4. Bandito ed esotismo

4.1 Foreste, “al di là” della società

Lo studioso americano Robert Pogue Harrison (Smirne 1954), autore di un fortunato libro sulla foresta come luogo colmo di significati e di simboli, chiarisce che già il termine “foresta” nasce per indicare un territorio lontano dalla legge comune:

«La parola “foresta”, in effetti, nasce come termine giuridico. Al pari dei vocaboli affini presenti nelle lingue europee (forest, forêt, forst, ecc.) essa deriva dal latino foresta. La parola latina, a sua volta, non fa la sua comparsa prima del periodo merovingio. Nei documenti romani, come pure negli atti più antichi del Medioevo, la parola comune per indicare boschi e foreste era nemus. La parola foresta appare per la prima volta negli editti dei Longobardi e nei capitolari di Carlo Magno, e non si riferisce ai boschi in generale ma solamente alle riserve di caccia reali. La parola ha un'origine incerta. La più probabile è il latino foris, che significa “al di fuori”. L'oscuro verbo latino forestare significava “tener fuori, proibire l'ingresso, escludere”. In realtà, durante il periodo merovingio, in cui la parola foresta fu introdotta nella lingua, i sovrani si erano arrogati il diritto di riservare a se stessi vasti tratti di terreno boscoso allo scopo di preservarne la fauna, ciò che a sua volta avrebbe preservato un rituale reale irrinunciabile: la caccia.

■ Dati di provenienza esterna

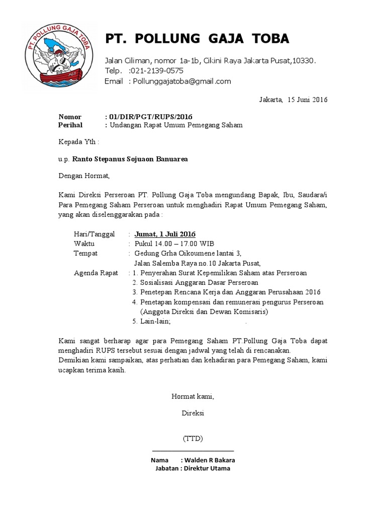 Contoh Surat Undangan Rapat Umum Pemegang Saham - Contoh Seputar Surat

“Foresta”, dunque, era in origine un termine giuridico che si riferiva alla terra in cui un decreto reale impediva di entrare. Una volta che una regione fosse stata dichiarata una foresta, non poteva più venire coltivata, né sfruttata, né occupata. Essa si estendeva al di fuori del dominio pubblico, ed era destinata al piacere e allo svago del re. In Inghilterra, si estendeva anche al di fuori della common law, la “legge comune”. I trasgressori non erano punibili dalla common law, bensì da un corpo di specifiche “leggi forestali”. Le foreste reali si estendevano “al di fuori” anche in un altro senso, perché lo spazio racchiuso tra le mura di un giardino reale veniva chiamato talvolta silva, bosco. Forestis silva indicava i boschi privi di recinzione “al di fuori” delle mura.»159

Il termine foresta ha un'origine giuridica, indicando quei boschi che appartenevano al re e ai sovrani e che venivano sfruttati per svolgere regolarmente l'attività della caccia: il termine proviene probabilmente dal latino foris, ovvero “al di fuori”, indicando sia il divieto ad alcun'altra persona comune di entrare nel bosco, sia il fatto che fosse un territorio sottoposto a leggi speciali, al di fuori delle leggi ordinarie.

Il carattere marginale rende questo ambiente uno dei più frequentati topoi della letteratura. La foresta è associata, paradossalmente alle origini del termine, a valori che sono foris rispetto alla legge e all'ordine costituito ed è ritenuta il rifugio, il nascondiglio dei banditi, dei fuorilegge, proprio per la distanza che mantiene rispetto al mondo civile, per i suoi caratteri selvaggi e primitivi.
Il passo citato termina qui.